● ASSIGNMENT:
Retype every entry below without pictures.

(Data records)
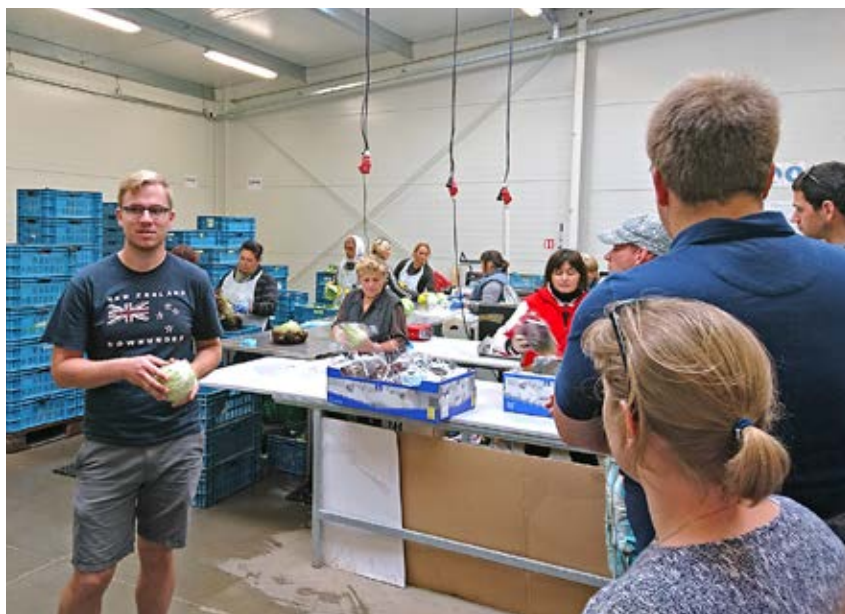
We bezochten onder andere 'Farma Ráječek', een tuinbouwbedrijf in Brno.

☞ België geteeld wordt. Skoda vond ik een unieke kans. En tot slot de rondleiding in Praag, dit is een mooiere stad dan ik verwacht had.”
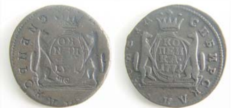
Сибирская копейка-«джокер» 1771 года. Продана на аукционе VIP-85 за 9234 рубля
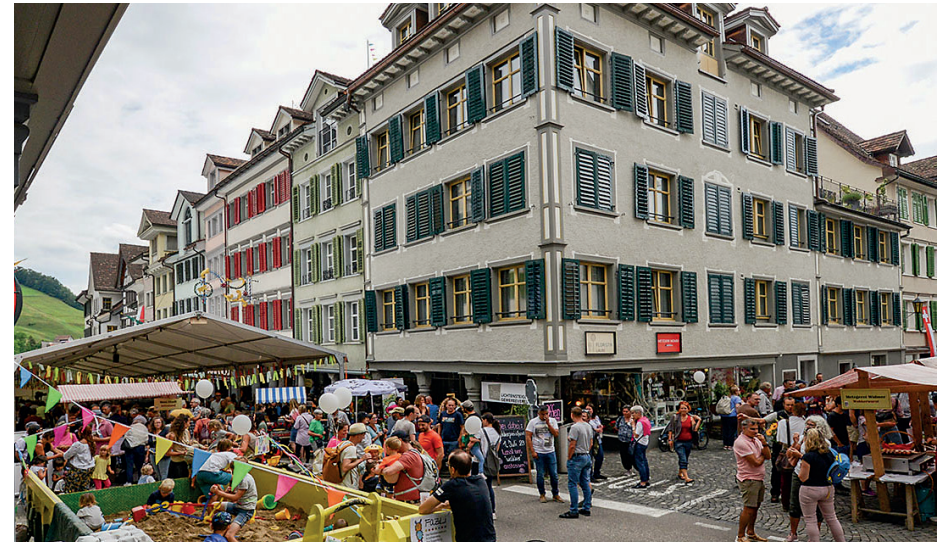
Die feiernde Bevölkerung am Wacker-Fest in den Gassen von Lichtensteig
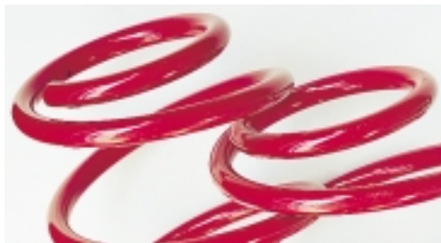
Abt Fahrwerksfedern Tieferlegung ca. 35 - 40 mm
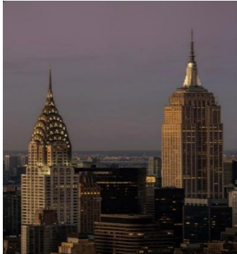
شکل ۶- برج امپایراستیت و کرایسلر، منهتن

شکل ۶). برج امپایراستیت اولین ساختمان در جهان بود که بیش از صد طبقه ارتفاع داشته است، اگرچه تنها تا طبقه ۸۶ قابل استفاده می‌باشد. از اولین طبقه تا ۸۶ امین طبقه این برج کاربری اداری-تجاری دارد و در نهایت در طبقه ۸۶ امپایراستیت، رصدخانه وجود دارد. امپایراستیت به دلیل زمین بزرگ و پایه‌های نسبتاً کوتاه‌اش دارای توده‌ای متقارن است. این ساختمان از سه بخش پایه، شفت و سرستون تشکیل شده است (Donald Reynolds, 1999).
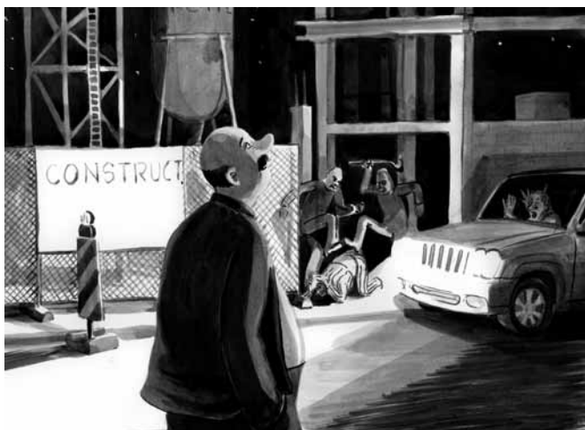
Afbeelding uit Burgerlijke schemering , 2010 © Steve Michiels & Uitgeverij Vrijdag.

En dan begint Steve Michiels met zijn krachttoer: hij switcht voortdurend van de gelagzaal naar de huiskamer. In de huiskamer drinken de vriendinnen wijn en eten taartjes en pralines. Ondertussen wisselen ze kleine drama's en groot verdriet uit. In de gelagzaal maken we de entree mee van een motorclub, op de soundtrack van ‘Sympathy for the Devil’ van de Rolling Stones. De motorrijders lachen de trotse bezitter van de 4x4 vierkant uit. In de woonkamer haalt een van de vriendinnen haar
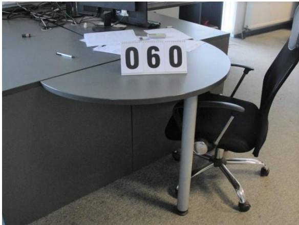
Inv.br. 60. - Polukružni dodatak stolu
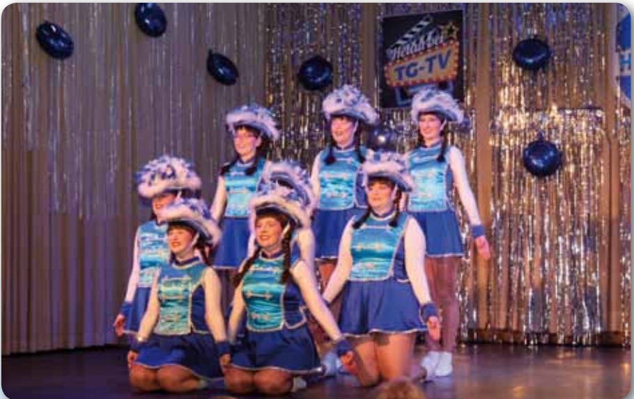
2023: Prinzengarde Galaabend TG

● SOLUTION TO THIS PROBLEM:
We bezochten onder andere 'Farma Ráječek', een tuinbouwbedrijf in Brno.

☞ België geteeld wordt. Skoda vond ik een unieke kans. En tot slot de rondleiding in Praag, dit is een mooiere stad dan ik verwacht had.”
Сибирская копейка-«джокер» 1771 года. Продана на аукционе VIP-85 за 9234 рубля
Die feiernde Bevölkerung am Wacker-Fest in den Gassen von Lichtensteig
Abt Fahrwerksfedern Tieferlegung ca. 35 - 40 mm
شکل ۶- برج امپایراستیت و کرایسلر، منهتن

شکل ۶). برج امپایراستیت اولین ساختمان در جهان بود که بیش از صد طبقه ارتفاع داشته است، اگرچه تنها تا طبقه ۸۶ قابل استفاده می‌باشد. از اولین طبقه تا ۸۶ امین طبقه این برج کاربری اداری-تجاری دارد و در نهایت در طبقه ۸۶ امپایراستیت، رصدخانه وجود دارد. امپایراستیت به دلیل زمین بزرگ و پایه‌های نسبتاً کوتاه‌اش دارای توده‌ای متقارن است. این ساختمان از سه بخش پایه، شفت و سرستون تشکیل شده است (Donald Reynolds, 1999).
Afbeelding uit Burgerlijke schemering , 2010 © Steve Michiels & Uitgeverij Vrijdag.

En dan begint Steve Michiels met zijn krachttoer: hij switcht voortdurend van de gelagzaal naar de huiskamer. In de huiskamer drinken de vriendinnen wijn en eten taartjes en pralines. Ondertussen wisselen ze kleine drama's en groot verdriet uit. In de gelagzaal maken we de entree mee van een motorclub, op de soundtrack van ‘Sympathy for the Devil’ van de Rolling Stones. De motorrijders lachen de trotse bezitter van de 4x4 vierkant uit. In de woonkamer haalt een van de vriendinnen haar
Inv.br. 60. - Polukružni dodatak stolu
2023: Prinzengarde Galaabend TG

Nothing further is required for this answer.